Substitution fear: If AI agents replace seats rather than complement them, seat-based revenue models do not just slow. They reverse. Roughly 85 to 95% of enterprise value in a SaaS DCF comes from terminal value. Investors are not debating this quarter. They are debating whether these businesses have sustainable moats at all.
Who Is Getting Crushed
Atlassian (TEAM): Down 50%+ YTD. Jira is in virtually every engineering org globally. The company employs roughly 12,000 people, with approximately 1,500 in ANZ (Sydney HQ and New Zealand offices). FY2025 revenue hit $4.4B, up 20% YoY, driven by cloud migrations. No reported 2026 sales layoffs in ANZ yet, but the market has repriced the business.
HubSpot (HUBS): Down 50%+ over the past year. Grew to $2B+ ARR on one of the best go-to-market motions in B2B history.
Salesforce (CRM): Down 30%+ in Q1. The defining CRM platform of the last 20 years.
ServiceNow (NOW): Down 30%+ in Q1, despite actually accelerating. RPO growth outpacing revenue, credible AI positioning.

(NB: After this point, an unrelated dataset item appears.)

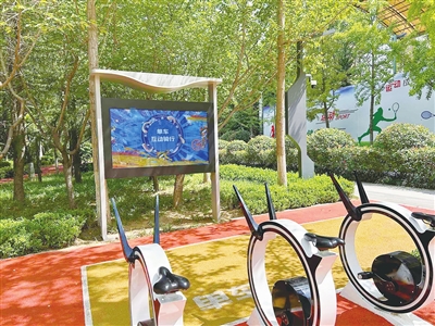 不仅如此,这里还藏着“宝藏”智慧运动设施——AR单车互动骑行,几辆黑白相间的动感单车设计简约而科技感十足,单车与智慧屏幕系统相通。记者骑上单车,踩动单车踏板后,面前的屏幕便显示出AR人物沿路骑行的画面,同时有时速、公里等数据,随着自己骑车的速度变化,屏幕上的人物也同步调整着速度,周边景色不断变换,趣味盎然的骑行将运动的快乐值瞬间拉满。如果环视周边实景,也不失为一种视觉享受,成片的银杏林已微微泛黄,晴空之下更添几分明媚。

Adobe (ADBE): Down from $638 to under $350. The creative cloud monopoly.
These are not speculative bets. These are cash-generating, deeply embedded, category-defining businesses. And the market is treating them like they face existential risk.
What This Means for ANZ Sales Teams
Atlassian drives roughly 15% of revenue from APAC, including ANZ. The Sydney base has held steady headcount so far, but the structural re-rating affects comp, quota relief, and hiring plans across the sector.

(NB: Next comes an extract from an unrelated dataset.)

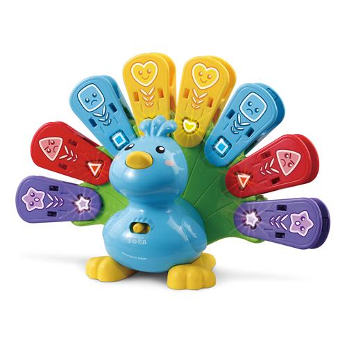 VTech Verenpret Pauw is een kleurrijk en educatief babyspeelgoed dat de zintuigen van jouw baby prikkelt. Met zijn vrolijke kleuren en geluiden zal deze speelgoedpauw de aandacht van je kleintje zeker weten te trekken. De VTech Verenpret Pauw is gemaakt van hoogwaardig plastic en is CE-gecertificeerd, waardoor je verzekerd bent van een veilig speelgoed.
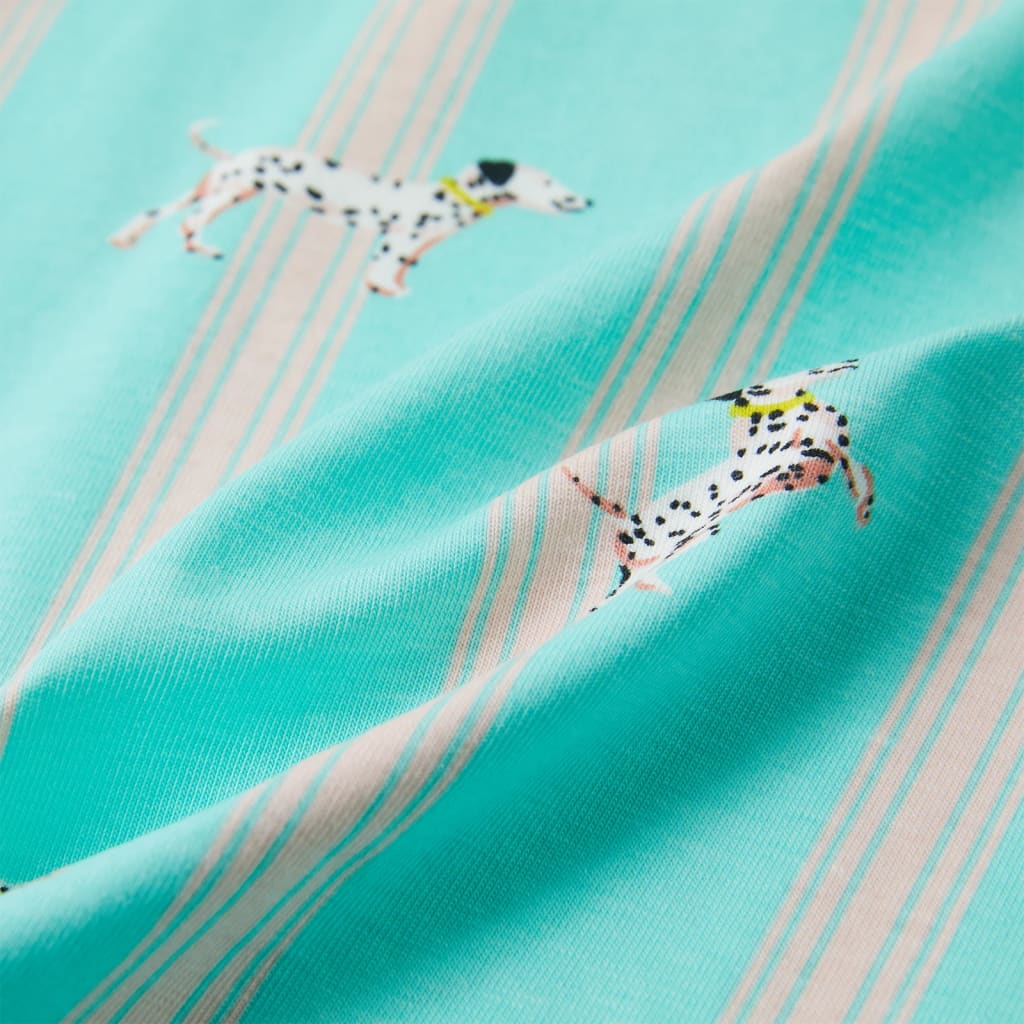 Dieser Kinderpyjama mit kurzen Ärmeln hat einen Rundhalsausschnitt, einen elastischen Bund und eine normale Passform. Der Pyjama ist mit vertikalen Streifen und gefleckten Hunden bedruckt. Der Kinder-Schlafanzug ist aus weichem Material gefertigt, das zu 95 % aus Baumwolle und zu 5 % aus Elastan besteht und daher nicht nur komfortabel, sondern auch atmungsaktiv ist.

If you are carrying a bag at a public SaaS company, watch terminal value pricing. When investors reprice the business model, quota does not get easier. Budgets tighten. Enterprise deals face AI substitution questions in every renewal. Mid-market buyers are asking whether they need 50 Salesforce seats or 10 seats plus an agent.
The bifurcation is clear: infrastructure plays like Cloudflare (up on AI-driven traffic) and Palantir (Rule of 40 score of 127, revenue growth at 70% YoY) are holding. Seat-based SaaS is under pressure.
Comp structures at affected companies may shift. If OTE assumes 100% attainment and the market just repriced your product category, historical attainment data matters more than ever. Ask about quota relief. Ask about ramp periods. Ask what happens if net retention stalls.
This is not a blip. This is a structural shift in how the market values software. Plan accordingly.